• _Exercise instructions_
Your answer should be only the lines below from the one with "This Ovington pattern" to the one with "Fresh/Pendulum/Freestylers/Tenor Fly/FATS/TV/JASMINE |", repeated exactly, ends included.

• _Data to use_
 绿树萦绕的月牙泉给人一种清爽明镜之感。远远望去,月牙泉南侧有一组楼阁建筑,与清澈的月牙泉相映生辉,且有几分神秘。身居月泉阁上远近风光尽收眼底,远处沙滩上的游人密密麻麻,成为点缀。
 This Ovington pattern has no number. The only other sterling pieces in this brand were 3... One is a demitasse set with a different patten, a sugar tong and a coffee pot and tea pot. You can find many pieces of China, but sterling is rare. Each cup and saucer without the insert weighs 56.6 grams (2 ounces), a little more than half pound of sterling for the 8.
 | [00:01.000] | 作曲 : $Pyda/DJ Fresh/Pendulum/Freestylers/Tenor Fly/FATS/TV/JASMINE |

--

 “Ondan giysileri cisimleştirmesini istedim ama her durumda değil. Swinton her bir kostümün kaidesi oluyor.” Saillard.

--

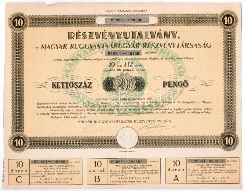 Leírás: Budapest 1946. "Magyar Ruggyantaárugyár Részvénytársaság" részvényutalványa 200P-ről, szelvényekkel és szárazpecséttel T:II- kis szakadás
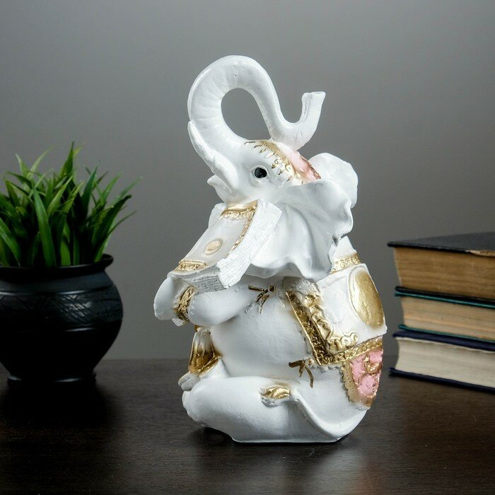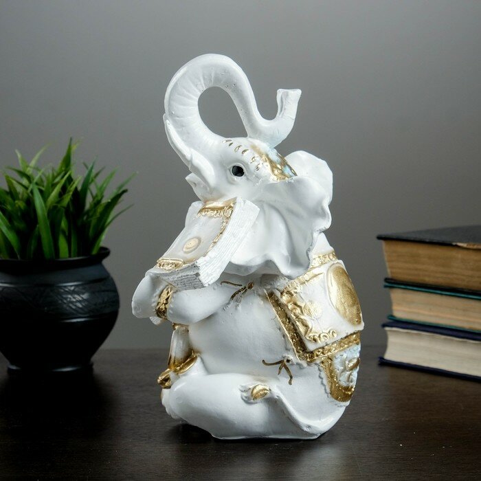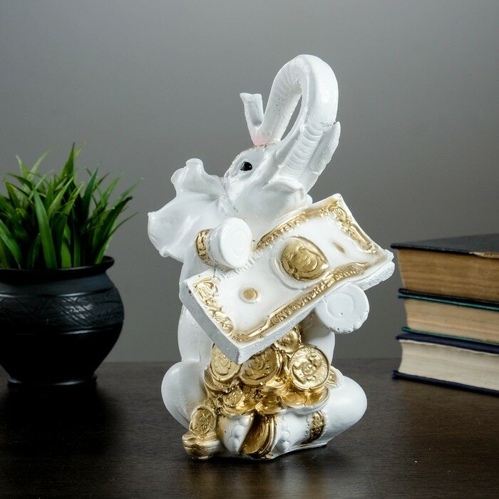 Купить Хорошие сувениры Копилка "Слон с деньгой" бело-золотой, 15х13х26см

• _Task result_
 This Ovington pattern has no number. The only other sterling pieces in this brand were 3... One is a demitasse set with a different patten, a sugar tong and a coffee pot and tea pot. You can find many pieces of China, but sterling is rare. Each cup and saucer without the insert weighs 56.6 grams (2 ounces), a little more than half pound of sterling for the 8.
 | [00:01.000] | 作曲 : $Pyda/DJ Fresh/Pendulum/Freestylers/Tenor Fly/FATS/TV/JASMINE |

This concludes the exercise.